Reid's journey then takes him to Germany, the country that invented the concept of a national health care system. For it's 80 million people, Germany offers universal health care, including medical, dental, mental health, homeopathy and spa treatment. Professor Karl Lauterbach, M.D., a member of the German parliament, describes it as "a system where the rich pay for the poor and where the ill are covered by the healthy. It is ... highly accepted by the population." As they do in Japan, medical providers must charge standard prices which are negotiated with the government every year. As a consequence, physicians in Germany earn between half and two-thirds as much as their U.S. counterparts.
Taiwan researched many health care systems before settling on one where the government runs the financing, but Reid finds the delivery of health care is left to the market. Taiwanese health care offers medical, dental, mental and Chinese medicine, with no waiting time and for less that half of what we pay in the United States. Every person in Taiwan has a "smart card" containing all of his or her relevant health information, and bills are paid automatically. But what Reid finds is that the Taiwanese spend too little to sustain their health care system. According to Princeton's Tsung-Mei Cheng, who advised the Taiwanese government, "As we speak, the government is borrowing from banks to pay what there isn't enough to pay the providers."
Reid's final destination is Switzerland, a country whose health care system suffered from some America's problems until, in 1994, the country attempted a major reform. Despite a huge private insurance business, a law called LAMal was passed, which set up a universal health care system that, among other things, restricted insurance companies from making a profit on basic medical care. Today, Swiss politicians from the political right and left enthusiastically support universal health care. Pascal Couchepin, the president of the Swiss Federation, argues: "Everybody has a right to health care. ... It is a profound need for people to be sure that if they are struck by destiny ... they can have a good health system."
Friday, April 11, 2008
Some basic health-reform lessons
1. Just because you have health insurance today don't assume that means you will have it tomorrow. Employers drop employee health plans when they become too expensive. Bankrupt employers aren't obligated to continue health insurance for retirees, regardless of previous bargained-for promises. Annual and life-time caps on benefits can wipe out future benefits. And plan coverage can be manipulated so that your particular needs are no longer covered.
2. The uninsured are charged more for their health care than the insured. The resulting bad credit and outstanding balances may limit future access to health care.

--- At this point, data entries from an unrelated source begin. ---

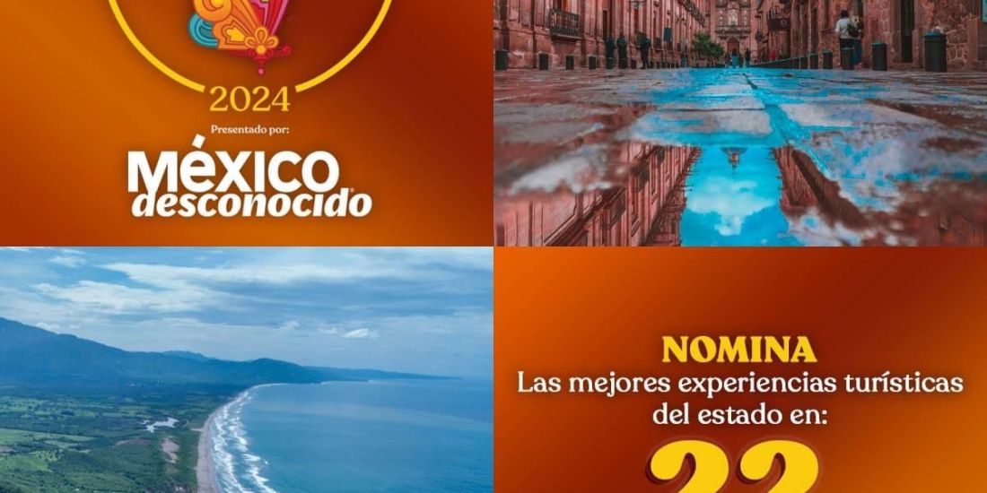 Tienes hasta el sábado 7 de septiembre para nominar tu experiencia y travesía en la naturaleza, tu hotel favorito, el platillo tradicional que conquistó tu paladar, o el momento cultural que recuerdas, entre otras que son parte de las 22 categorías en los premios “Lo mejor de Michoacán”, los cuales son organizados por la revista México Desconocido en colaboración con la Secretaría de Turismo del Estado, encabezada por Roberto Monroy García.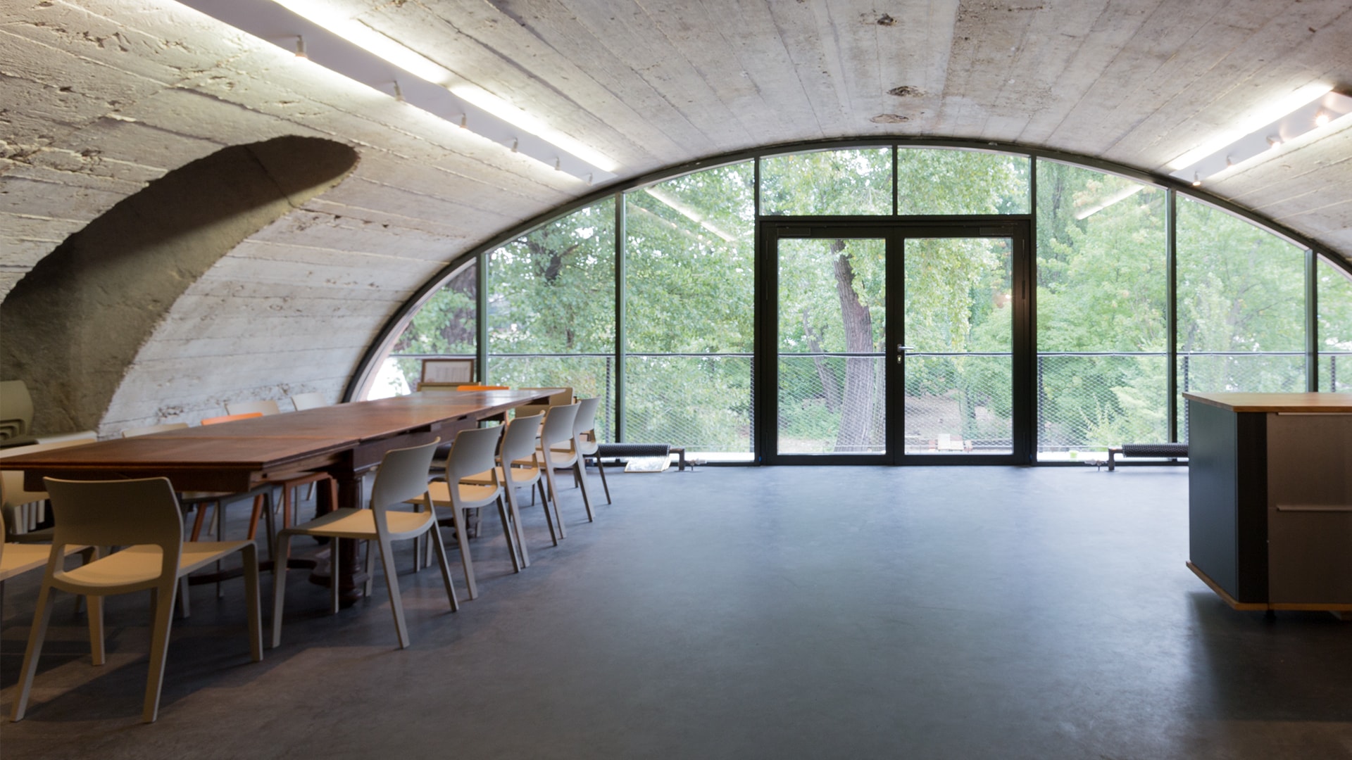 Nach einer völligen Entkernung konnten der Boots- und Vereinsraum neu strukturiert, der Zugang von der Brücke und die beiden Fassaden unter Denkmalschutzauflagen überarbeitet werden. Denkmalschutzrelevante Maßnahmen waren vor allem die Neustrukturierung der Treppenerschließung, die den Brückenbogen wieder freigestellt und das ursprüngliche Brückenbild wieder hergestellt hat.
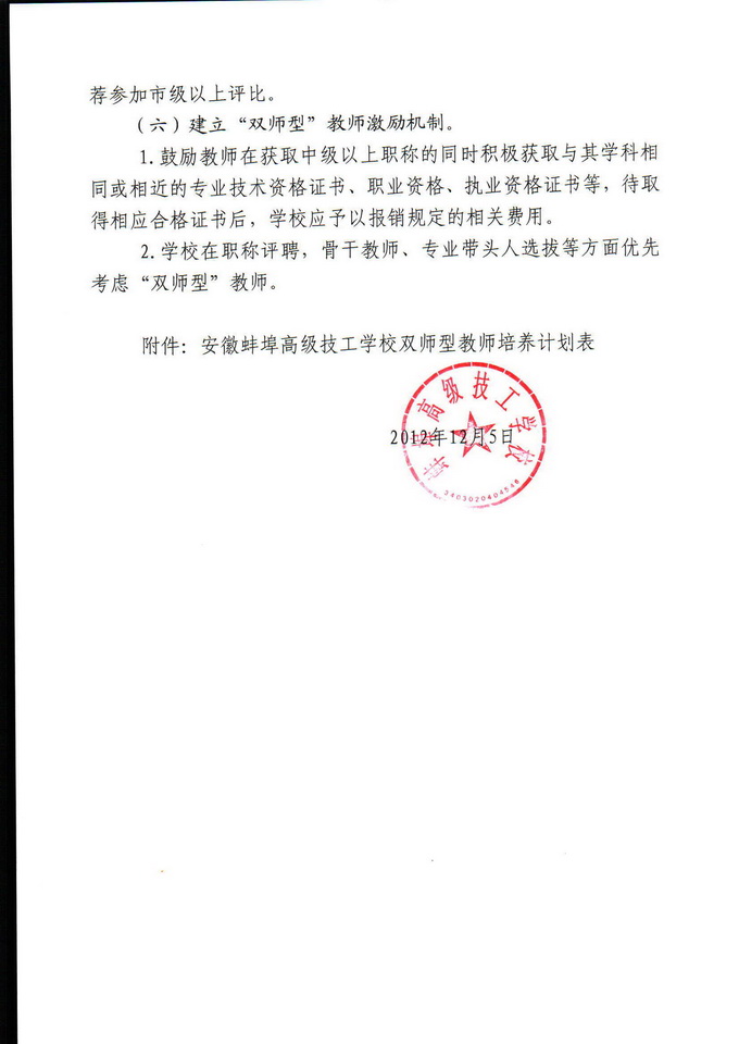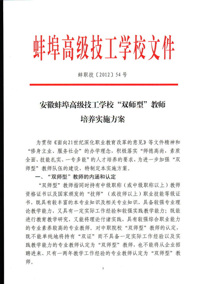 安徽蚌埠高级技工学校双师型教师培养实施方案

3. The emergency-room option that is virtually guaranteed by EMTALA and was touted by President Bush as a health-care safety net is no substitute for insurance coverage and access to primary and preventive care. Lots of people delay care until they have a "true emergency" -- they will still be billed for the care they receive, regardless of ability to pay. (In fact, even insured patients have good reason to postpone ER visits, unless they live in a state that requires managed care plans to pay for the ER services, even if there was no true emergency, as long as a reasonable layperson would have thought they had a medical emergency.
4. The lack of universal coverage that every other developed country seems to be able to afford isn't simply an "access" problem. People get sicker, stay sicker longer, and die as a result of care that is postponed or not sought when it could still be useful.